嚴助收起了傲慢,請張湯把相關的文書調出來細查。張湯很配合,把幾年前的文書一起翻了出來。單獨看某一年的審計結果還看不出什麼,連續幾年的統計一起看,立刻一目瞭然。
東甌移民政策是個徹頭徹尾的失敗。
嚴助屏住了呼吸,面色如土。
張湯冷眼旁觀,心中暗喜。他知道,自己終於抓住了嚴助的軟肋。
嚴助一心猜測着樑嘯上書的可能內容,根本沒有注意張湯。在他眼裡,張湯這個後世著名的酷吏根本不值得關注。丞相田蚡都吃癟,張湯這個丞相長史能有什麼用?
嚴助反覆權衡了很久,心事重重的走了。他沒有講張湯提供的情況,只是把去年的審計結果通報給天子,然後迅速派人給朱買臣送消息,讓他利用天子使者的身份查看一下東甌移民的現狀,看看是不是有移民出逃的問題。
嚴助萬萬沒想到,他剛走,張湯就把這件事彙報給了丞相田蚡。田蚡聽說有機會反擊嚴助,立刻來了勁,讓張湯把相關的資料整理了一下,帶着張湯進了宮。
天子對嚴助的答覆很不滿意。他讓嚴助去複查江都國的審計數據,一是擔心樑嘯公報私仇,一是確實想搞清楚移民的現狀。他希望嚴助能查出個結果,不管這個證明樑嘯的上書對,還是不對。
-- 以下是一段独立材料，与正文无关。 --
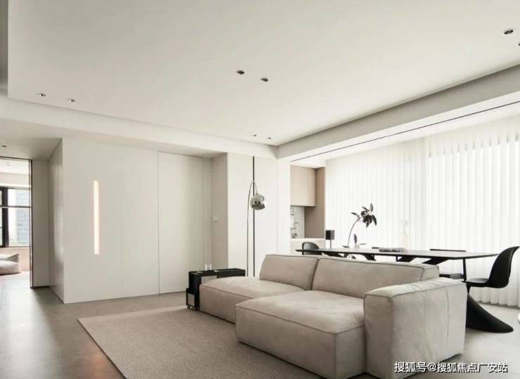 ▲ 客厅取消传统茶几的布局,腾出更多活动空间,选择模块沙发更加自由随性,也可以后期自己调整布局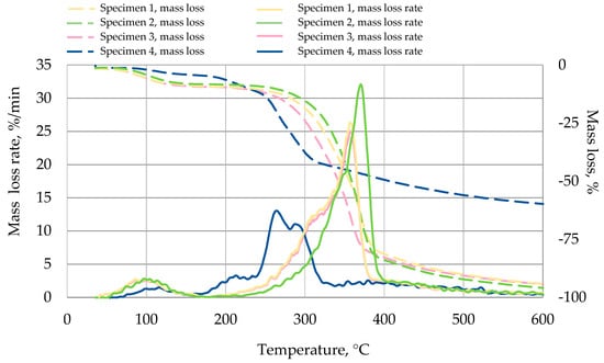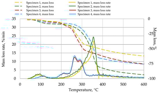 The analysis of the thermogravimetric study of timber specimens 1–4 (Figure 5, Figure 6, Figure 7, Figure 8, Figure 9 and Figure 10), shows that timber decomposes in the following temperature ranges: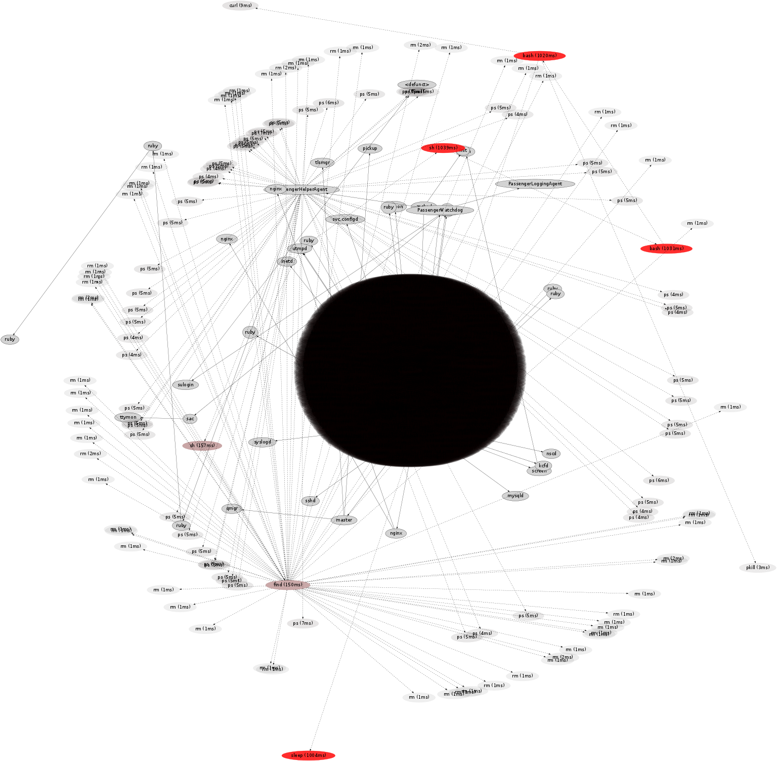While tracing the number of httpd and ruby18 processes were static. Short-lived processes where launched for munin (monitoring software) including munin-cron by the system scheduler (cron), and a number of "ps" processes were launched from PassengerHelperAgent.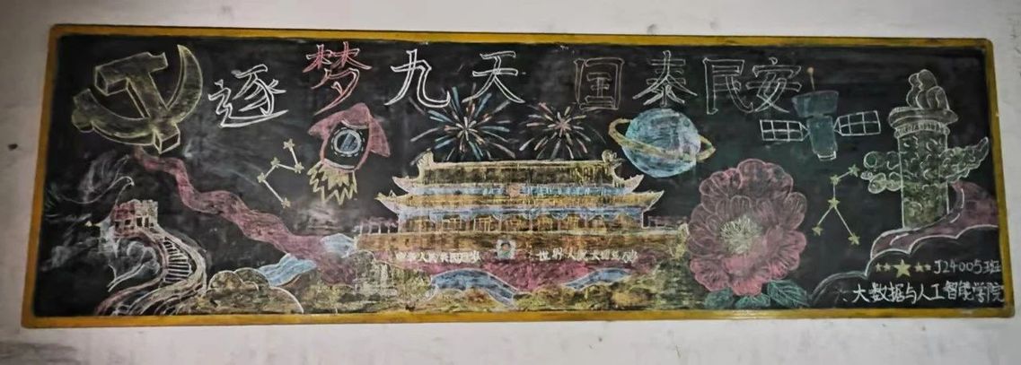 为庆祝国家航天事业的辉煌成就,同时加深学生对国家航天梦想与爱国主义情怀的理解与认同,大数据与人工智能学院开展“逐梦九天,国泰民安”主题板报设计活动。

但是嚴助給了他一個根本沒有什麼實際意義的報告,只是把去年的審計數據重複了一遍,根本看不出所以然。
他很失望,就在這時候,田蚡和張湯的報告給了他一個詳細的報告。他對嚴助非常不滿,特別是當張湯告訴他,嚴助曾經看過往年的數據時,他不禁勃然大怒。
不用說,嚴助這是爲了證明自己正確,故意隱瞞江都國東甌移民的情況,因此不惜欺君。他是天子信任的口舌,他如果都不可信,天子還能信誰?
天子沒有當場發作。送走田蚡和張湯之後,他把嚴助找了來,漫不經心的拿出了樑嘯的上書。
嚴助一看,頓時亂了陣腳。他最擔心的事果然發生了。
天子不動聲色的說道:“你說,樑嘯會不會是故意的?”
嚴助一聽,連忙點頭。“臣覺得有這個可能。他不僅與江都太子有過節,對江都相董仲舒也一直不太滿意。如果江都國民出逃,董仲舒的治績必然大受影響。”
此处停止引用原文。